Дождались. Осеннее равноденствие -

вот оно.

Главное, что равно -

это сила действия

и сила противодействия.


2.


Матерюсь. Со вкусом. Отчаянно.

Какого ты - в мою жизнь?!

Не пиши.

Мать твою, вот это случайность!..


3.


Пока ни один из нас от разрыва сердца

не лег на лестнице -

это лечится.

Увеличь количество мегагерц.


4.


Еще - уже - не

привыкла,

гвоздь забила,

освоилась.

Не скучаю.

Ты, попросту говоря,

из моего октября

цедишь лимонный сок для черного чая.


5.


Вот бы прямо под эти капли

выстелить шаг а-ля шарф -

вот так:

длинной дорожкой, обрывающейся внезапно.


Эвридика

И.Ш.


Это время уходит так тихо,

что кошка заснула на тысячу лет,

позабыв про охоту.

Это время снимает с Дюймовочки

шорох акаций и красные листья.

И нежнейшая слабость,

и томность во взгляде,

и медленность речи –

все вчера пролилось мимо края,

а кажется, будто приснилось.


Силуэт в твоем кресле светлеет,

портретное сходство имеет значение

только в альбоме.

Смех Дюймовочки тает,

а выдержка снимка - пятнадцать секунд –

растянулась на годы.

Циферблат навострил свои стрелы.

Он целится в лица –

на долгую, долгую память...

Все, возможно, не так.

На балконе не дождь - это бабочка бьется о стекла.


Я уже ничего не боюсь.

Вся усталость осталась в июне

ушедшей орфической эры,

безболезненно канула в Лету.

Вдоль этой реки не взойдет ни фантом, ни виденье.
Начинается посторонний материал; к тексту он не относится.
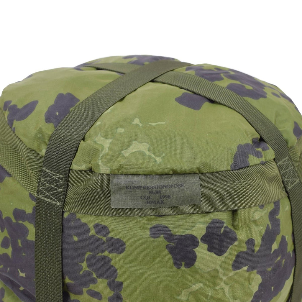 - The Original Danish Military Compression Bag M84 Camo PU Coated Lightweight Duffel Bag is not only practical but also exudes a sense of adventure and style. Its camouflage print pays homage to its military origins, while the high-quality synthetics fabric ensures durability and longevity.
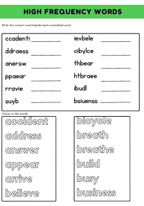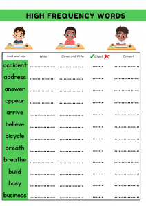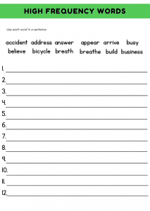Year 3 High Frequency Words Worksheet 1 offers an engaging way for kids ages 7–8 to practice their spelling skills. With a focus on high frequency words, this printable resource transforms learning into a fun activity. Children will enjoy the hands-on approach, allowing them to interact with words they encounter frequently. The joy of completing a worksheet can boost their confidence and make learning feel like an exciting challenge rather than a chore.
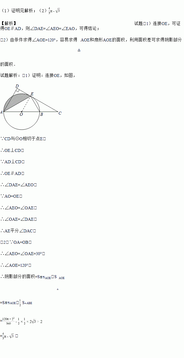 如图,AB是⊙O的直径,C是AB延长线上一点,CD与⊙O相切于点E,AD⊥CD于点D.
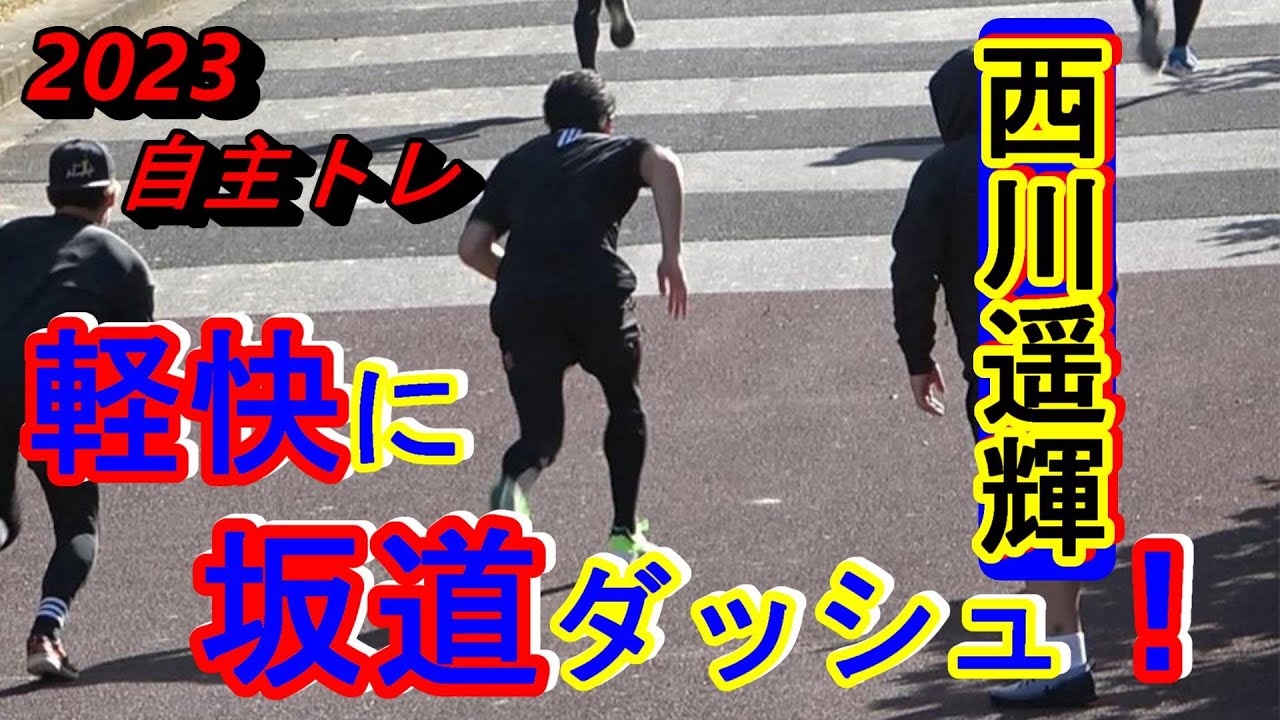 2023年2月1日のプロ野球キャンプ入りを前に沖縄で自主トレを行う東北楽天ゴールデンイーグルスの西川遥輝選手他。軽快に坂道ダッシュ!
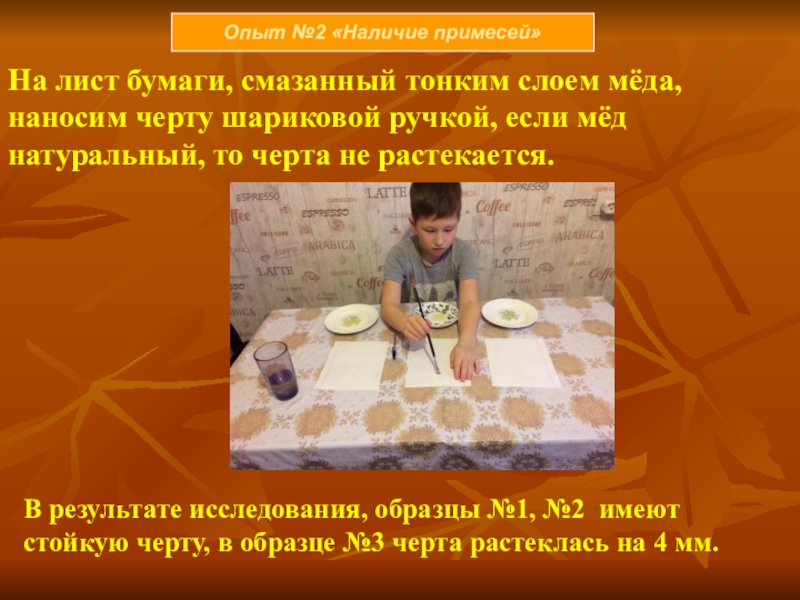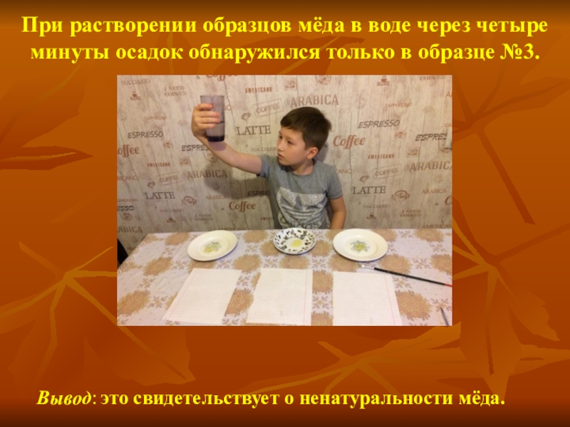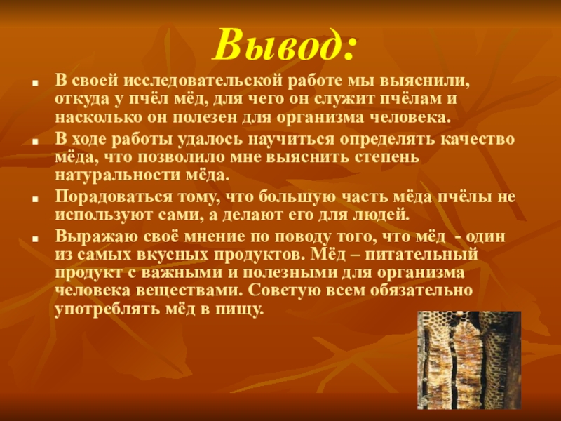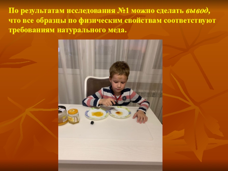 По результатам всех исследований мы вправе сделать вывод: образцы №1, №2 представляют собой натуральный мёд, а образец №3 не соответствует всем требованиям натуральности мёда.
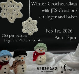 This winter themed crochet craft class will focus on classic crochet foundations that can be transferred to any project. These techniques include: the magic ring, single crochet, chain stitch, and more. While working through these techniques in class, you will walk away with your own finished crochet projects (a snowflake and 3D plush snowman), a crochet hook, and extra yarn to continue crocheting on your own when class ends. This class is for beginner to intermediate crocheters. No experience necessary.
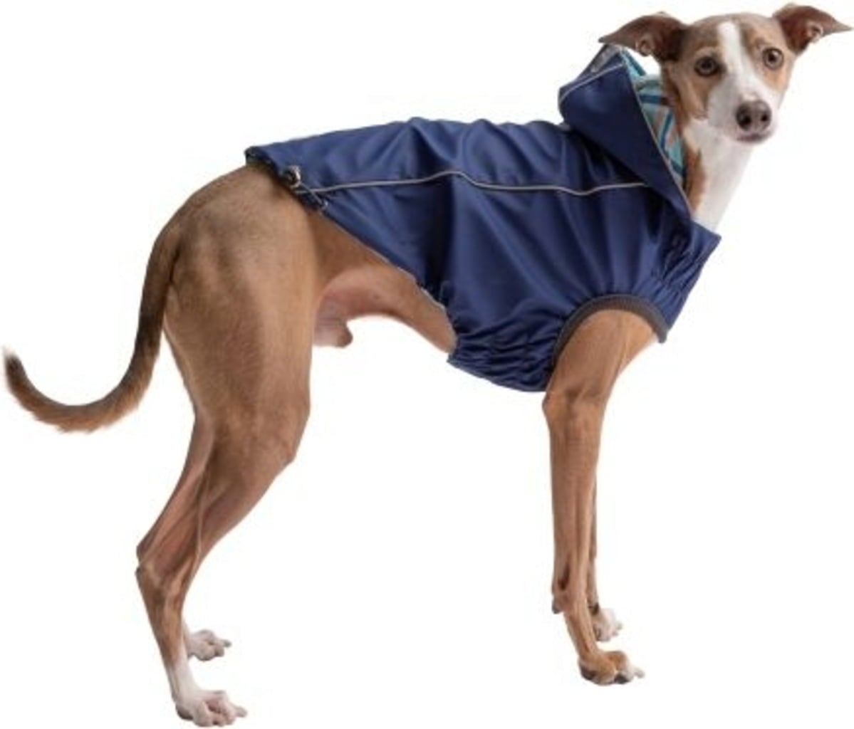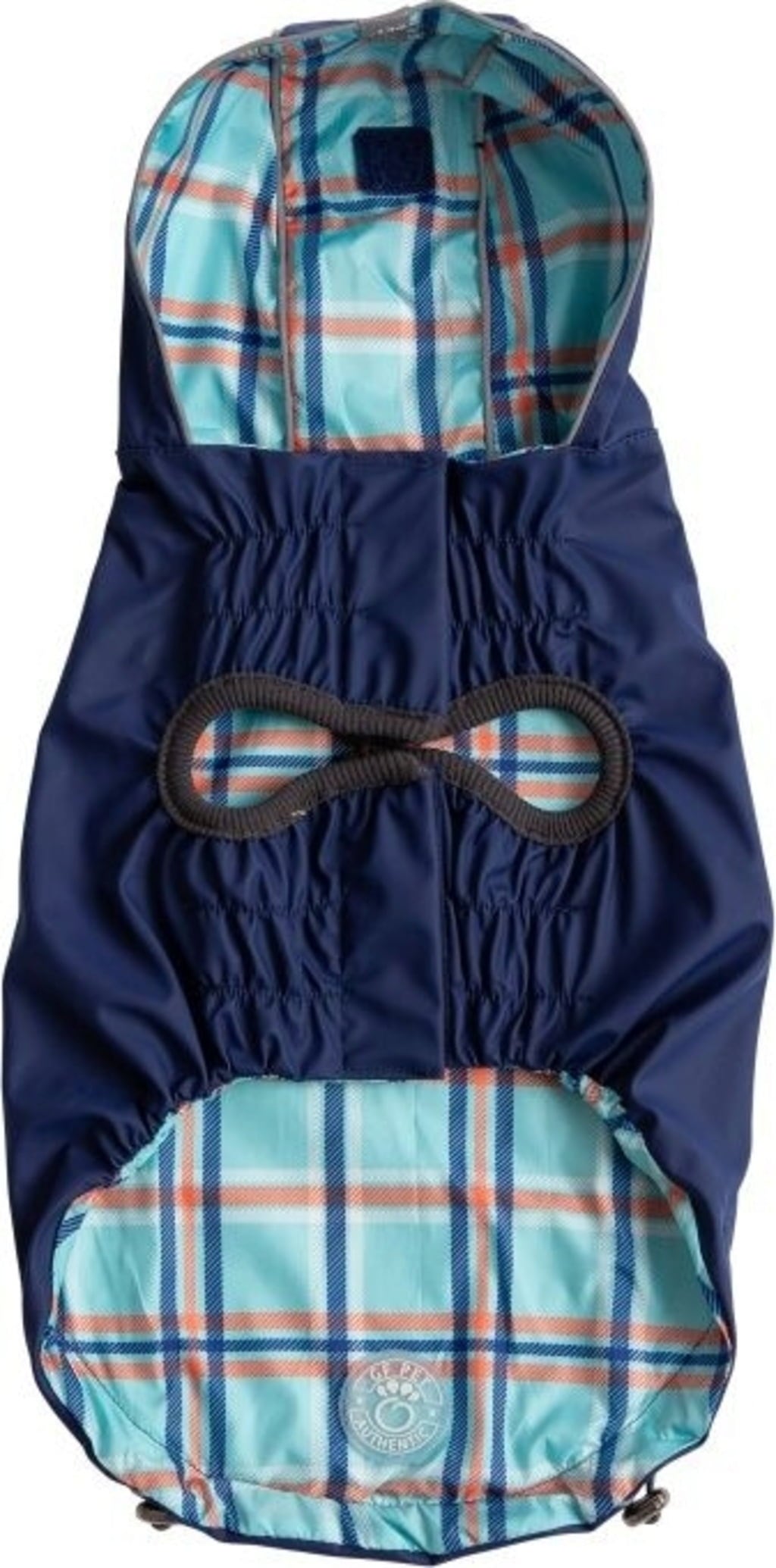Questo adorabile impermeabile rende le passeggiate sotto la pioggia ancora più divertenti! L'innovativa tecnologia ELASTO-FIT® garantisce una vestibilità perfetta e antiscivolo, proteggendo al meglio il tuo amico a 4 zampe dall'acqua e garantendogli al contempo ampia libertà di movimento. Il fantastico design reversibile, con il classico blu scuro all'esterno e un'elegante fantasia scozzese all'interno, rende questo impermeabile un must, portando un tocco di colore alle giornate grigie e piovose. giornate di pioggia.

Так бесплотна, бесплодна гармония.

Между эпохами пусто и тихо.

И в прохладном безвременье

можно понять:

упустить тебя - значит, забыть свое имя.


Если маятник снова качнется,

поддавшись желанию вновь испытать гравитацию яви,

Ты пройдешь мимо края и сделаешь фото,

но бездна не будет манить

с той же силой, как прежде.

Я проснусь возле брода речного,

в наставшей эпохе апреля

Орфей с Эвридикой помолвлен.

В полудреме потянется кошка.

Дюймовочка вновь прорастет в твоем кресле.


©Ольга Дымникова




^ ЮЛИЯ СМОРОДИНА

ПОКАЗАЛОСЬ

* * *

Показалось

А пахло как в детстве

Солнцем, небом, асфальтом,

Травой

На качелях взмахнуло так сильно,

Что зажало, как в детстве,

В груди

Показалось

А я все спокоен

Все такой же пью чай по утрам

Так же тапочки ставлю

На ночь,

Заперев пустоту

Замком

И лишь встав за водой на кухню

Мимо окон

Случайно

Пройду


^ Прости меня Анна-Мишель


Анна-Мишель шла с открытой спиной,

А на ней –

Дракон!

Ах, Анна-Мишель,

От Вас же ждут благоразумия, благочестивости,

А вы разгуливаете -

Страшно сказать! –

С драконом на спине!

Анна-Мишель ничего им не ответила,

А взяла большущую кружку горячего чая

И гордо удалилась.

Дракон посмотрел на оставшихся

Презрительно.


©Юлия Смородина


^ АЛЕКСАНДР ЧУРАЕВ

ПОВЕСТКА ПРИШЕЛЬЦУ


Океан простирался перед ними, прозрачно-синий, хмельной, словно молодое вино далекой родины. Шумел ветерок, бегущий от далеких гор, напоенный свежестью их вершин. Лохматил пальмы побережья.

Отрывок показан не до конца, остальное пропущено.